● **What you are asked to do**: An exact copy is needed of the lines in the entries below from the line with "นาทีหลังคาห้างถล่ม หลังเจอฝนตกหนัก น้ำไหลท่วมทั้งชั้น" up to and including the line with "3、單擊線圖案,彈出對(du", and of nothing else. Leave the pictures out.

● **Given records**:
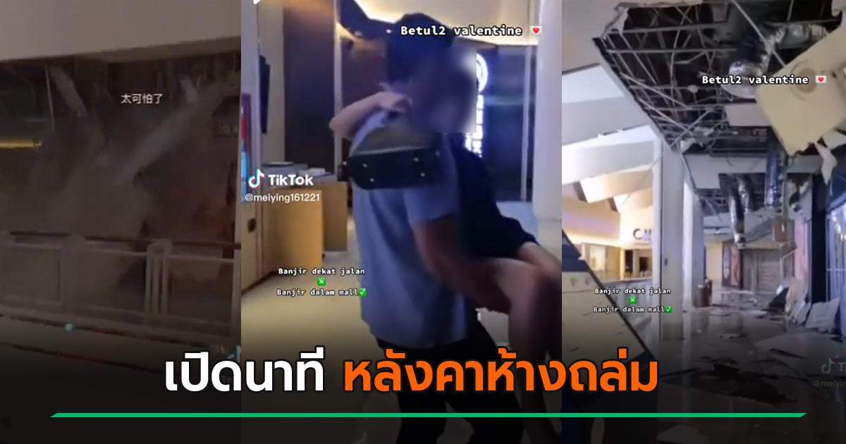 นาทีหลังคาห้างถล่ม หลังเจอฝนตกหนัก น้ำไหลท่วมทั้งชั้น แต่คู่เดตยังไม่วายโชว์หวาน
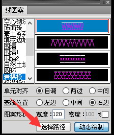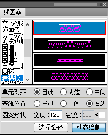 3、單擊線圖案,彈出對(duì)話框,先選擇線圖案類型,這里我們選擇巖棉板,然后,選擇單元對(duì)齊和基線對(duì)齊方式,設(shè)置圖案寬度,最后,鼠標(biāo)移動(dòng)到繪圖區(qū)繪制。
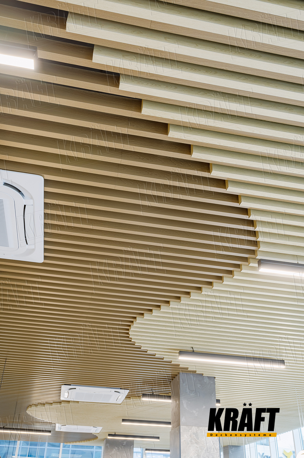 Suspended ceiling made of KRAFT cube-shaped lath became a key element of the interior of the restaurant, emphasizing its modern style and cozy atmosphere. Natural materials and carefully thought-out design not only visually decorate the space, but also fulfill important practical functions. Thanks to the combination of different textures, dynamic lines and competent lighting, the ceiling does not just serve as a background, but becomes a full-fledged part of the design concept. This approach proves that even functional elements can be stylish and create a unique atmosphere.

---

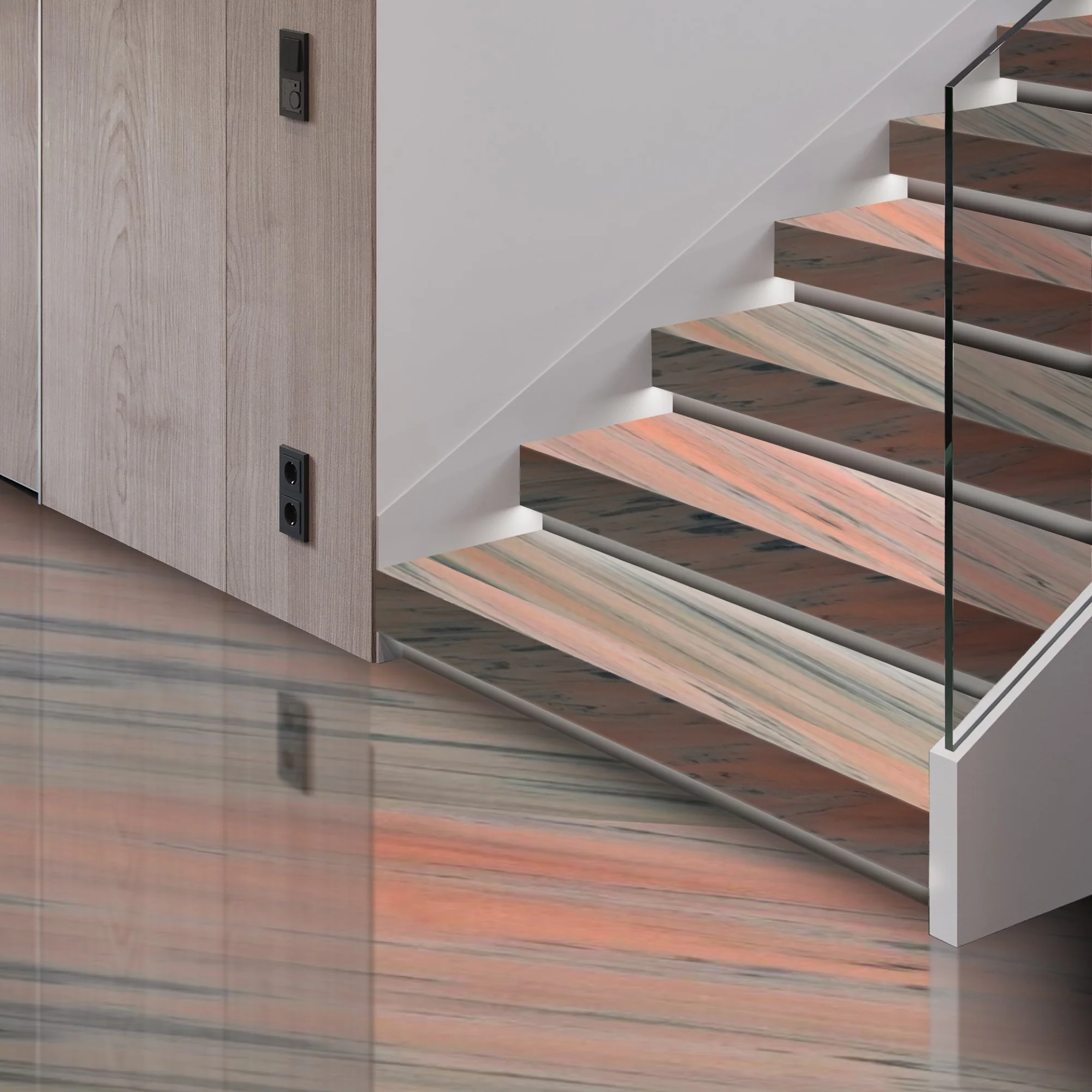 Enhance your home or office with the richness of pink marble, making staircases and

● **Answer below**:
 นาทีหลังคาห้างถล่ม หลังเจอฝนตกหนัก น้ำไหลท่วมทั้งชั้น แต่คู่เดตยังไม่วายโชว์หวาน
 3、單擊線圖案,彈出對(duì)話框,先選擇線圖案類型,這里我們選擇巖棉板,然后,選擇單元對(duì)齊和基線對(duì)齊方式,設(shè)置圖案寬度,最后,鼠標(biāo)移動(dòng)到繪圖區(qū)繪制。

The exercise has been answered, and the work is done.